Good news from what I can see… Tom is doing better. His eyes seem almost unnaturally large all of a sudden, maybe because he was squinting so often for a week or more before. He takes his medicine well … this includes 4 to 6 drops of one medicine in each eye per day, AND 2 drops of another medicine in each eye. He’s such a good pumpkin!
School starts again next week for me. I have been struggling over the whole goals thing. I began registering with the University of Phoenix for my degree in IT, but got side-tracked when I checked out CEI and registered for a series of certificated programs with them in MicroSoft (the devil’s) software. Ugh… at least it could mean a better position for me someday.
The balances for the Culinary Career v. Information Technology is perilous because I am starting from the bottom in one and have an established hiostory in the other. There is some security in cooking, but it is not work for the cereberally inclined. I like to use my brain and I feel like I am in a mental vacuum.
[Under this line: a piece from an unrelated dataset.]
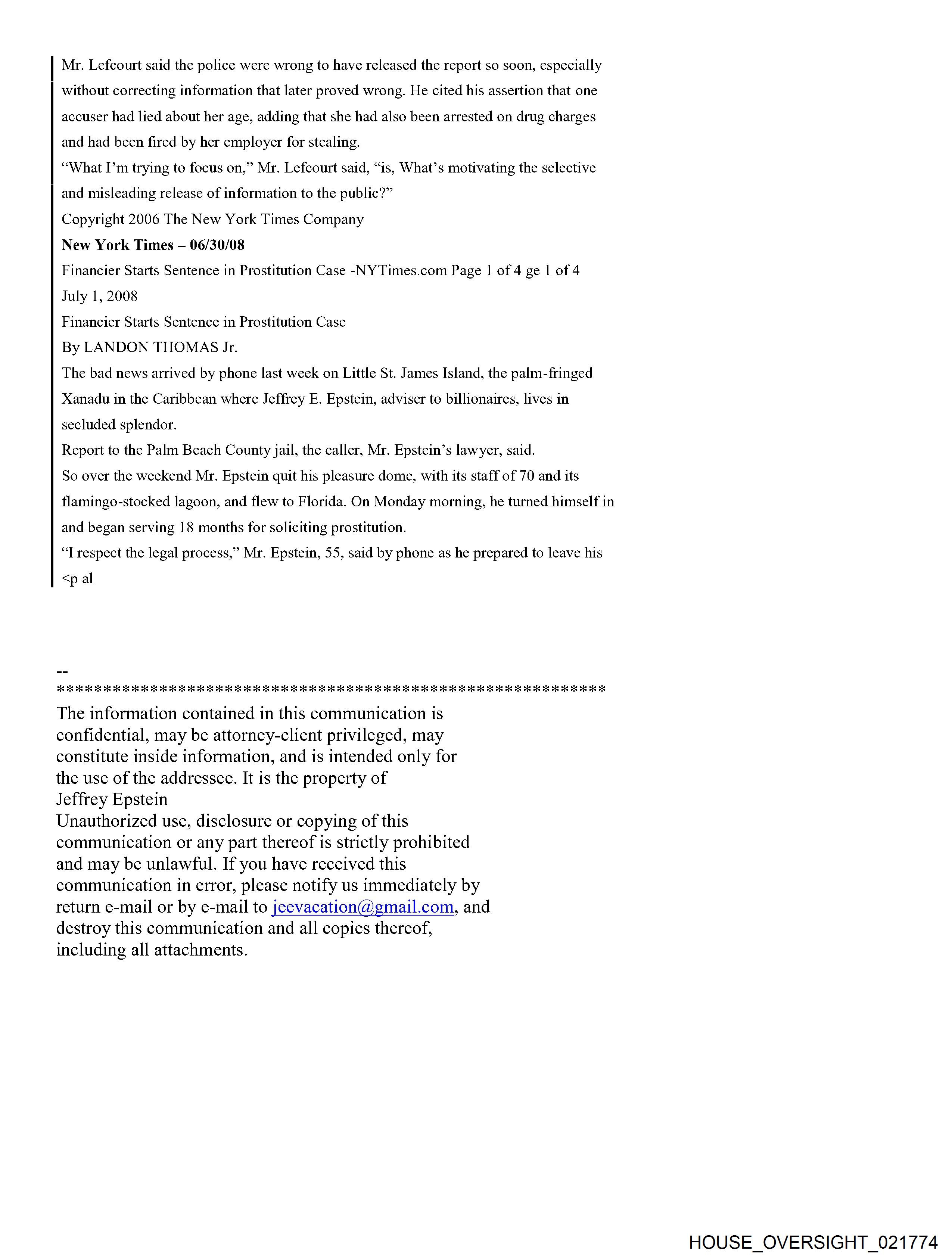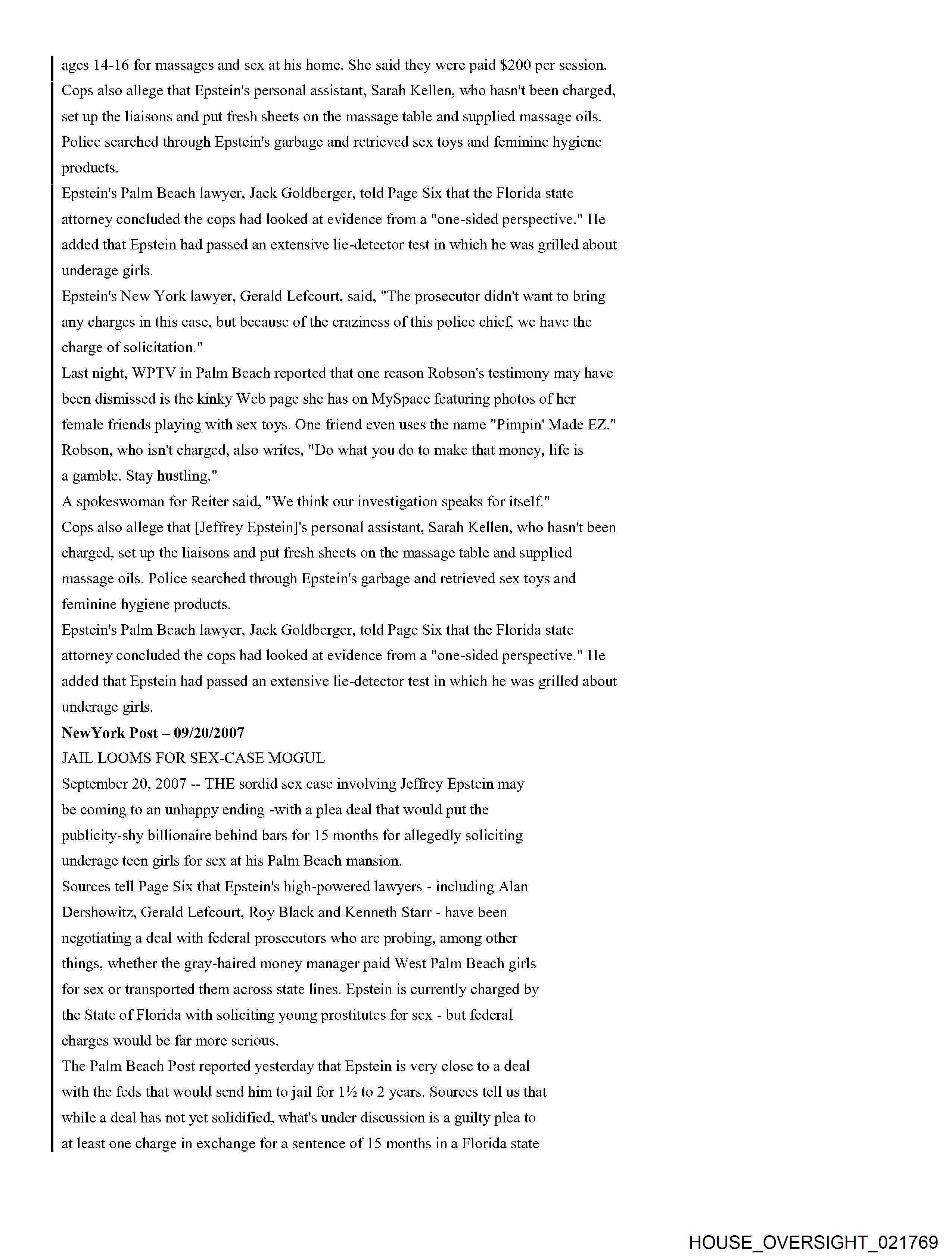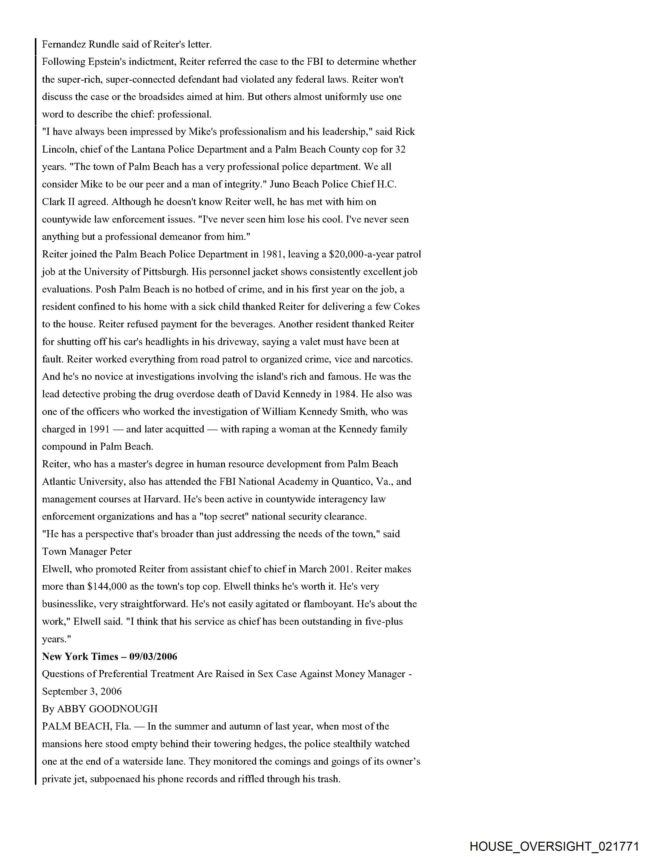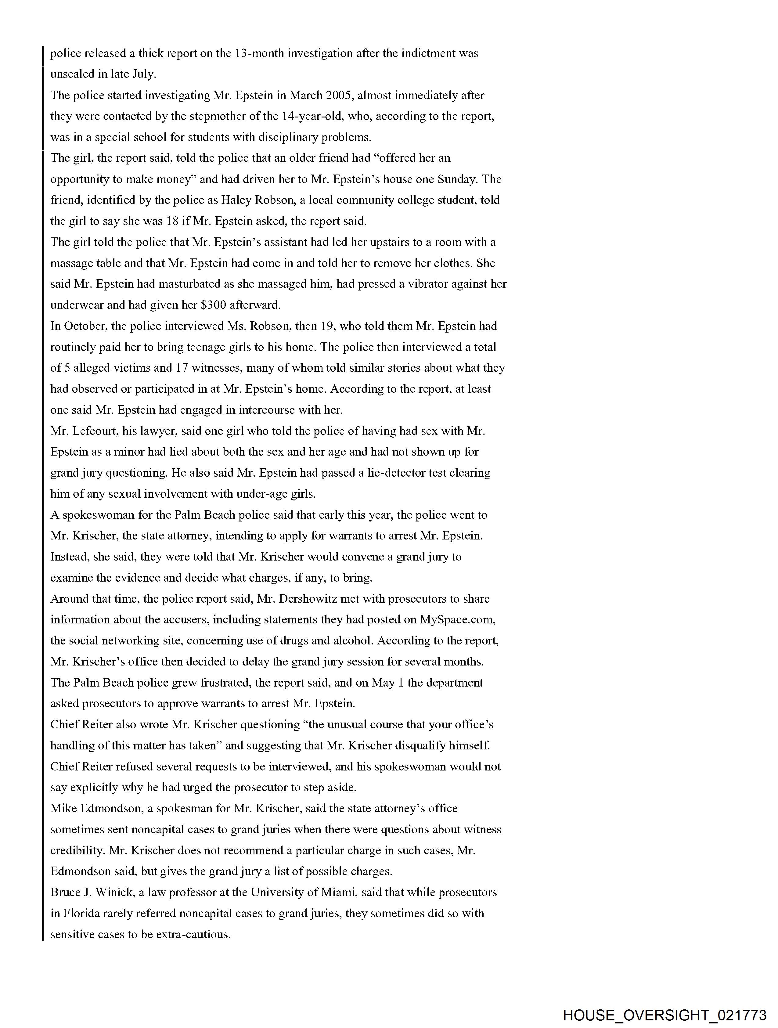 From: Jeffrey Epstein [jeevacation@gmail.com] Sent: 2/26/2010 3:01:31 PM To: Alan M. Dershowitz [REDACTED]; Martin Weinberg [REDACTED] Subject: Fwd: Fw: Epstein News Articles Attachments: Epstein combined articles.pdf Forwarded message From: [REDACTED] Date: Wed, Feb 24, 2010 at 5:53 AM Subject: Fw: Epstein News Articles To: jeevacation@gmail.com -----Forwarded by Public Records/PalmBeach on 02/24/2010 05:53AM ----- To: [REDACTED] From: Michael Reiter/PalmBeach Date: 08/12/2008 09:33PM Subject: Epstein News Articles (See attached file: Epstein combined articles.pdf) Joyce, I am looking forward to meeting with you on Wednesday. Please find below (and attached as a PDF file), some background information for your reference. Thanks for agreeing to have this discussion. Regards, Mike Palm Beach Post Editorial #1 He was over 50. And they were girls By Elisa Cramer HASH(Ox5fa474) Friday, August 04, 2006 If the women whom Palm Beach police say a part-time town resident invited to his home and paid for sex acts were, in fact, women, the solicitation charge against Jeffrey Epstein might feel more sufficient. But, according to police records, they weren't. He was over 50. And they were girls. 14. 15.16.17-year-old girls. That should count for something - the difference between prostitution and pedophilia. So, it is baffling that Mr. Epstein, who was indicted last month by a grand jury on one felony count of solicitation of prostitution, has not been charged, as Palm Beach police strenuously urged, with unlawful sex acts with a minor and lewd and lascivious molestation. Conviction of crimes against minors would mean steeper penalties than the maximum five-year prison term Mr. Epstein faces if convicted of the single count of felony solicitation. It also would help carry a message of intolerance to perverts who prey on girls. Prosecutors did not pursue charges against Mr. Epstein reflecting the age of the victims because they assumed a jury would view the girls not as victims but as promiscuous, untrustworthy, willing participants. The presumption is offensive. Mr. Epstein, a 53-year-old Manhattan money manager who has hired Harvard law professor Alan Dershowitz and defense attorney Jack Goldberger, has denied knowing how old the girls were. But police interviews with five alleged victims and 17 witnesses under oath, as well as phone messages, a high school transcript and other items that police found from searching Mr. Epstein's trash and 7,234-square-foot waterfront home, provide evidence that he knew the girls were teenagers. One girl couldn't show up when Mr. Epstein wanted because she had soccer. Another time, Mr. Epstein had to wait for his "massage" session because the girl he wanted was still in class. Why didn't State Attorney Bany Krischer let a jury decide whether to believe the teenagers - including a 16-year-old who went to Mr. Epstein's house to "work" in December 2004 after being asked whether she needed to make money for Christmas gifts? Prosecutors gave greater weight to the details Mr. Dershowitz provided about the girls in an apparent effort to assail their character. Mr. Dershowitz pointed out to prosecutors that some of the teenagers had talked on myspace.com about marijuana and alcohol use. The 20-year-old Royal Palm Beach woman who told police she recruited girls for Mr. Epstein has a Web page on myspace.com that features one girl using the name "Pimpin' Made EZ." Although no charges of witness tampering have been filed, the parents of at least one of the teenage victims complained to police of being followed and intimidated by two men. Police determined that their vehicles were registered to two private investigators. Mr. Goldberger denied knowing anything about it. Police also note in their reports that the state attorneys office offered Mr. Epstein a plea deal that would have placed him on probation for five years, allowing him ultimately to walk away with no criminal record at all. I asked Mr. Krischer's spokesman, Mike Edmondson, why the case was referred to a grand jury instead of Mr. Epstein being charged and facing a trial before a jury. And shouldn't the victims credibility be a factor to determine whether a crime's been committed, not whether a jury will convict? (After all, as Mr. Goldberger told The Palm Beach Post of Mr. Epstein, "He's never denied girls came to the house.") Especially, I asked Mr. Edmondson to explain: Why shouldn't the public look at this case and think there are two kinds of justice - one for the wealthy and one for the rest of us? Mr. Edmondson said he could not comment on the case because it is active, but on the latter point, he offered, for the sake of "philosophical debate": "Whether wealth buys a different standard of justice across the country ... the answer to that would, of course, be yes." But in this case, he said, "regardless of the battery of attorneys, the outcome would be the same. Every issue that was debated in public was debated in our office before this case went to the grand jury." In this case, it is not the victims credibility but the state attorneys that deserves questioning. Palm Beach Post Editorial #2 Massaging the system Palm Beach Post Editorial Thursday, August 10, 2006 Palm Beach police say their 11-month investigation shows that 53-year-old part-time town resident Jeffrey Epstein committed unlawful sex acts with and lewd and lascivious molestation on five underage girls. Defense attorney Jack Goldberger claims that his client, Jeffrey Epstein, had no idea that the untrained girls he hired for massages were minors. The Palm Beach Count State Attorneys Office could have let a jury decide whom to believe. Instead, State Attorney Barry Krischer left the public to wonder whether the system tilted in favor of a wealthy, well-connected alleged perpetrator and against very young girls who are alleged victims of sex crimes. Mr. Krischer took the unusual step of referring the case to a grand jury, which last month indicted J

Fact is… a lot of people in this industry are basically ignorant, self-indulgent, needy people with more mental scars than psychologiest or sociologists. The out of control Id in these poeple sucks. I got caught up in a lot of that in school… it clouded my goals and feeling toward some people. I also started looking to other people more for approval and was being extremely tough on myself. I guess I decided I did not need that.
There are some remarkable and fun things about cooking, but I think without that monkey on my back it frees me up. I do not need to shudder when a supervisor is ticked off over something or sink into the shadows when one more chef is having one more mood swing. I am over it as of now.
So, I already began looking for a new job. I would like to stay in the Venetian for a while? Maybe get into their IT department, but therein lies a new mystery. How? I have been paying attention to the people working there and spotting the IT poeple though we are far removed from them.
Anyway, I hope I am making the right turn. What about my goal to open my own restaurant? It’s still there, but it will come to life maybe a long way down the road?